XI. Be amazed at the power of belief as devotees hang from hooks in Kerala
During Garudan Thookam at Kerala’s Kali temples, devotees dress up as Garuda, the vehicle of Vishnu and perform. After the dance, the devotees, called garudans, take part in a ceremony known as choondakuthal, where the skin on their back is pierced by a sharp hook and they are hoisted on to a tall pedestal and taken round the temple. The most famous Garudan Thookam takes place at the Elamkavu Devi temple at Vadayar in the Vaikkom taluk of Kottayam.
XII. Witness traditional cosplay at its best at the Dhinga Gavar festival in Rajasthan
Dhinga means ‘fun by deception’, and gavar (also known as Gangaur or Parvati) is the consort of Shiva. The festival, celebrated only in Jodhpur, begins a day after Holi and participants dress up in traditional Rajasthani clothes and worship clay idols of Shiva and Parvati, seeking marital bliss. On top of that, offerings of cannabis are made to the idols. The idols are installed at 11 locations and adorned with gold jewellery. Women carry sticks and dress as goddesses and patrol the streets all night, protecting the idols. According to legend, an unmarried man who crosses their path and is beaten with a stick will soon find a suitable match.
XIII. Watch devotional fire flinging at the Kateel Durga Parameshwari Temple in Karnataka
Every April, the festival of Agni Keli takes place at the Kateel Durga Parameshwari Temple in Karnataka over eight days. This incredibly unique ritual sees hundreds of devotees fling flaming palm fronds at each other in a bid to appease the goddess Durga—and thousands of spectators gather to watch. The rules are simple: two groups face off against each other. Each participant only gets five throws, so each shot counts. At the end, the team that takes down the most opponents win and those who have been burned are sprayed with water of the kumkumarchana.
XIV. Watch a priest smash devotees’ heads with coconuts in Tamil Nadu
Every year, on the 18th day of the Tamil month of Aadi (mid-July to mid-August), thousands of devotees gather at the Mahalakshmi Temple in the Karur District of Tamil Nadu to have their heads smashed by coconut-wielding priests for good luck and health.
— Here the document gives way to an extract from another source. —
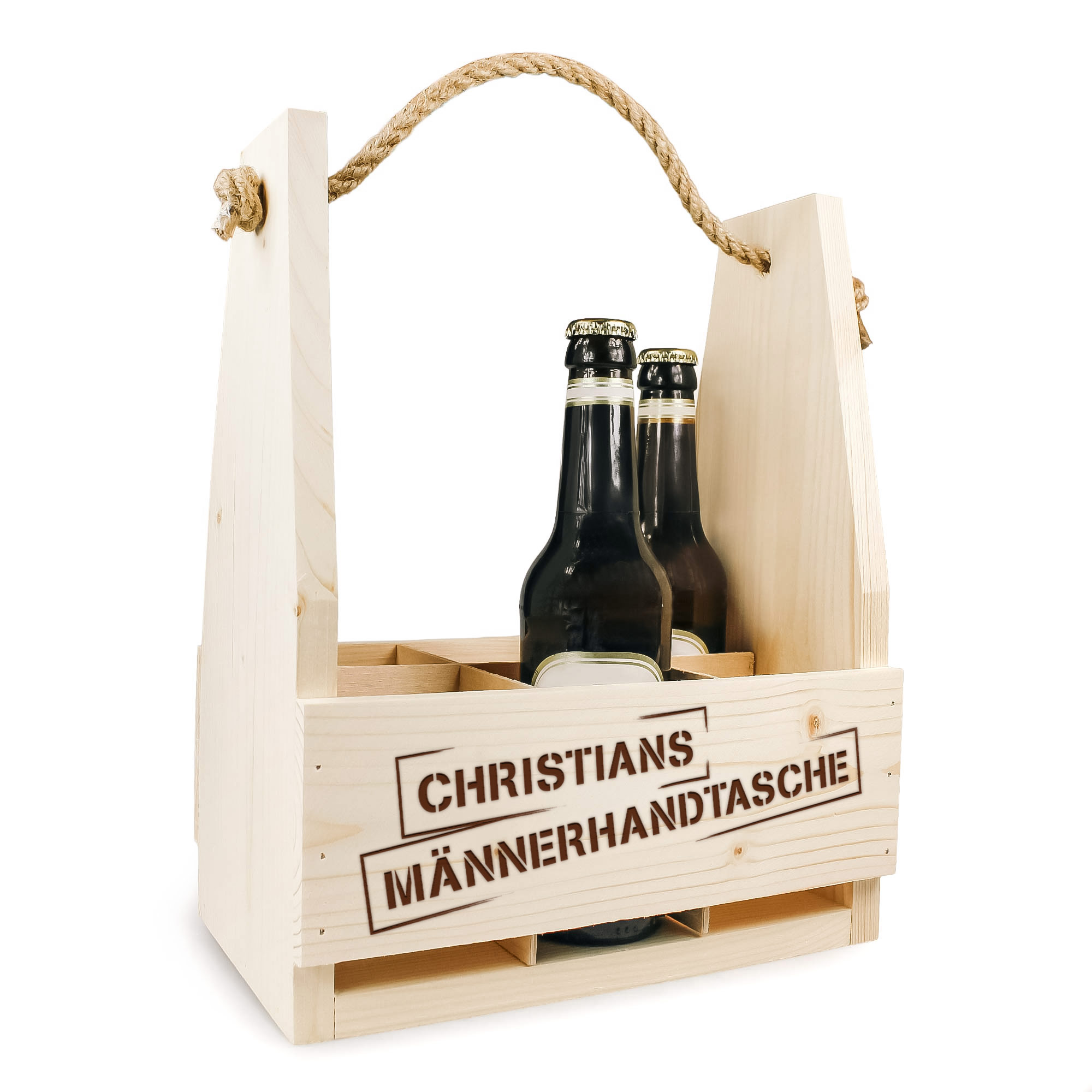 - Personalisierter Bierflaschenträger mit Gravur "Männerhandtasche"

The festival has its roots in folklore: 187 coconut shaped stones were dug out of the earth at the temple’s location. During the Raj, the British wanted to build a railway line that would cut across the temple, but the villagers protested. In a bid to test their devotion, the British made a deal with the locals—if they could prove their devotion by successfully breaking the coconut shaped stones on their heads, plans for the railway line would be aborted. The villagers miraculously succeeded and the rest is history.
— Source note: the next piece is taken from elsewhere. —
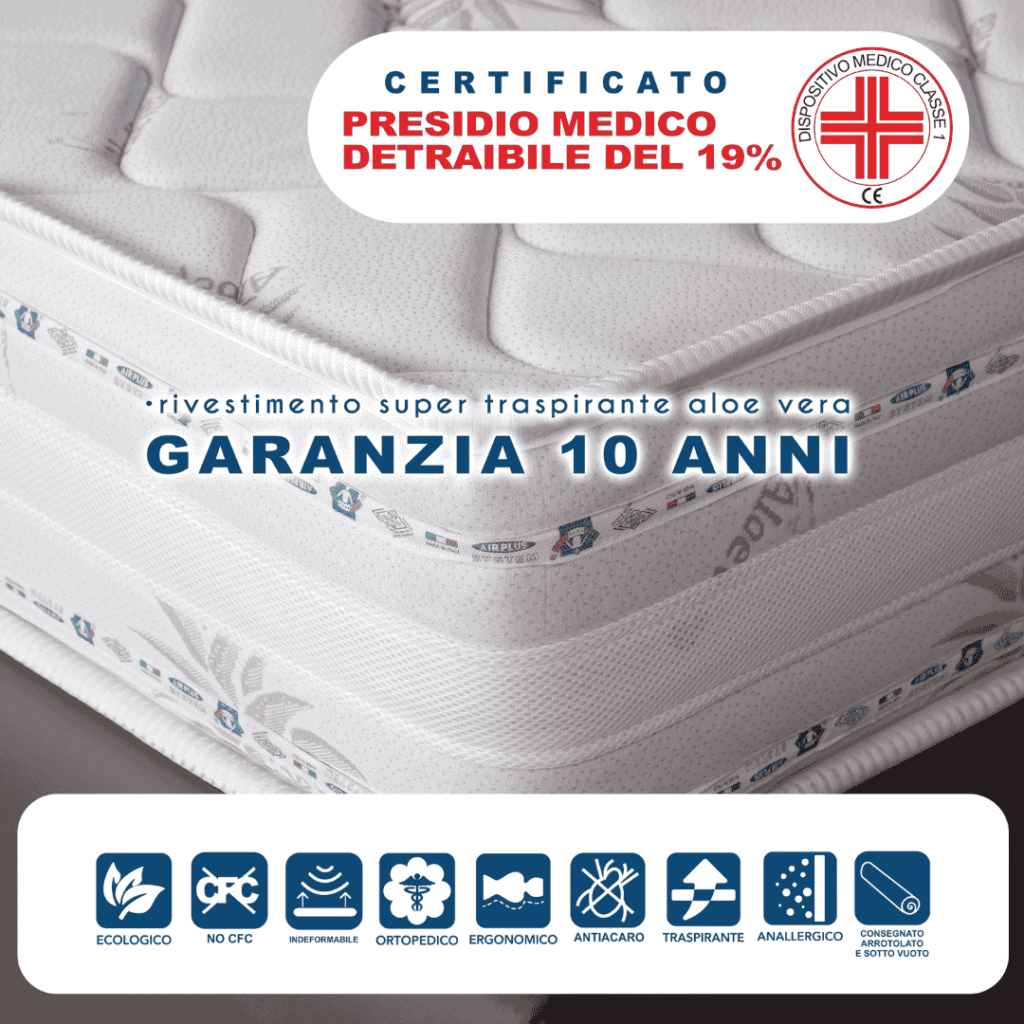 Il Materasso Elisir non è un semplice materasso: è un presidio medico certificato, studiato per offrirti il massimo sostegno e migliorare la qualità del tuo riposo. Con la garanzia di 10 anni hai la certezza di un prodotto sicuro e duraturo, realizzato per accompagnarti a lungo nel tuo benessere quotidiano. E per dormire davvero senza pensieri, hai a disposizione la prova di 10 notti: lo usi, lo testi e, se non ti convince, puoi restituirlo senza rischi.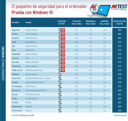 La distinción de PRODUCTO TOP con 18 puntos fue otorgada a las suites de seguridad de Kaspersky, McAfee y Symantec. Con 17,5 puntos y la distinción de PRODUCTO TOP les siguen los paquetes de seguridad de Avast, AVG, Avira, Bitdefender, F-Secure, Microsoft, Trend Micro y VIPRE Security.

XV. Embrace the divine feminine at the Menstruation Festival at Kamakhya Temple in Assam
The sacred feminine is celebrated at the Kamakhya Temple in Guwahati. According to legend, Sati, the wife of Shiva, was unable to bear her father’s insult to her husband and jumped into the flames. Enraged, Shiva began the terrible Tandav Nritya while carrying her corpse. As a result, parts of her body fell at various places on the Earth, forming shakti peeths, and the Kamakhya Temple was formed where the yoni (vagina) fell. Every June, the goddess goes through her menstrual cycle and the temple is shut for three days and is believed to turn red. This is when the Ambubachi Mela is celebrated. This so-called fertility mela attracts tantriks and sages from across the globe and everything around is red: red flowers, vermillion, and red cloth. Magic and mysticism reign supreme here.